Conventional gasification slightly differs from plasma arc, plasma gasification in that the temperatures inside its primary reactor are lower and the fuel source may be natural gas. However conventional gasification is similar to plasma arc, plasma gasification in that both are thermo-chemical processes in which waste is heated in an oxygen deficient environment to produce syngas which contains hydrogen, carbon monoxide and sometimes methane. This gas can be used as fuel for electricity generation or to produce chemicals or biofuels.

Pyrolysis is sometimes linked to plasma arc, plasma gasification. Pyrolysis is also a thermo-chemical process, however here the waste is heated in the complete absence of oxygen. The products are olefin liquid, syngas-type product, and char. The liquid fuel can be used as an input to produce gasoline, while the char can be recovered or passed along to a gasification process.
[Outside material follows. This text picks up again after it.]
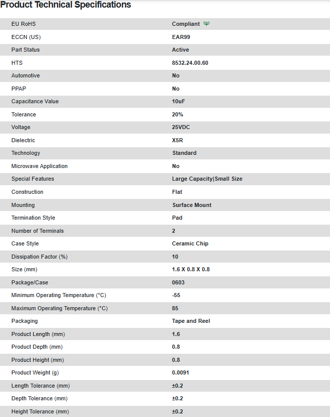 贴片电容(MLCC)Cap Ceramic 10uF 25V X5R 20% Pad SMD 0603 85°C T/R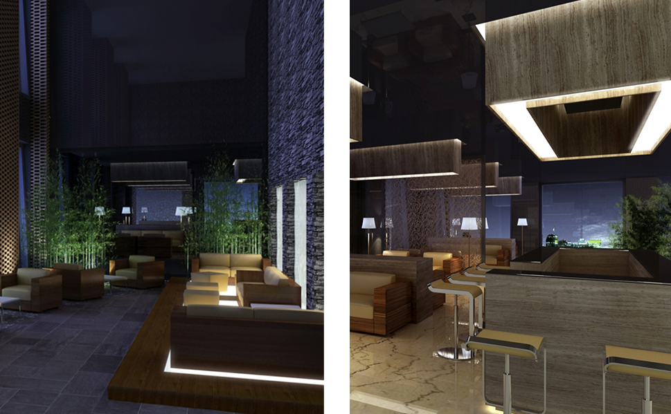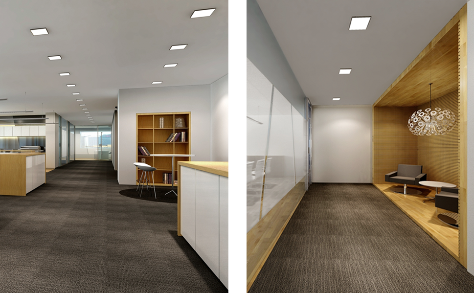 -A- People oriented design: The layout offers workstations near the window, so that employees can feel the sunshine, change of the light troughout the day and the surrounding city scenery. This, to support the natural biorythm and fitness. Break out areas for brief discussions and talks, to keep the motivation and information flow.-B- Sustainability / LEED: Use of renewable materials such as bamboo for the flooring, furnitures and Wall coverings, compressed straw board, low VOC adhesives sealants, paint and Carpets and ceilings that can be recycled. Implementation of building control-/sensor systems to reduce the energy consumption of artificial light and the A/C system.

Other waste to energy alternatives include landfill gas recovery that convert methane gas from decomposing trash in to power. Methane is collected through a series of pipes and compressed for electricity generation. There are also waste to biofuels and waste to chemical processes. These are similar to aforementioned waste to energy technologies as they may utilize gasification or other thermo-chemical processes. Appropriate waste feedstocks include soybean straw, wood waste and used oils/fats.

Finally, there is anaerobic digestion (AD). This differs greatly from the other waste to energy technologies mentioned here in that AD uses microorganisms to convert organic waste into a biogas (primarily methane) and digestate. This biogas can be used to generate electricity, while the digestate has applications as a fertilizer. Anaerobic digestion is limited to wet organic wastes (including manure and sewage) or food waste. As such it requires that these materials to be separated from regular waste.

Many contest that the primary goals for waste management; to reduce, reuse and recycle, and increasing waste conversion (i.e. waste-to-energy) rates are not compatible. However, in the United States, the states making the most use of waste-to-energy facilities are also those that recycle the most.

In addition, according to a recent study conducted by the EPA, increasing recycling wastes actually improves the efficiency of waste conversion (i.e. waste-to-energy).

Consumers are increasingly recycling more biogenic waste (paper and food) and throwing away more non-biogenic waste (rubber and plastics).

The higher energy content of non-biogenic waste makes it a more productive feedstock for generating electricity through a waste-to-energy technology such as the TVRC. Conversely to previously held views then, recycling is not just compatible with waste conversion, it actually improves the energy content of the leftover waste, boosting the potential of key waste-to-energy technologies, including plasma-arc plasma gasification.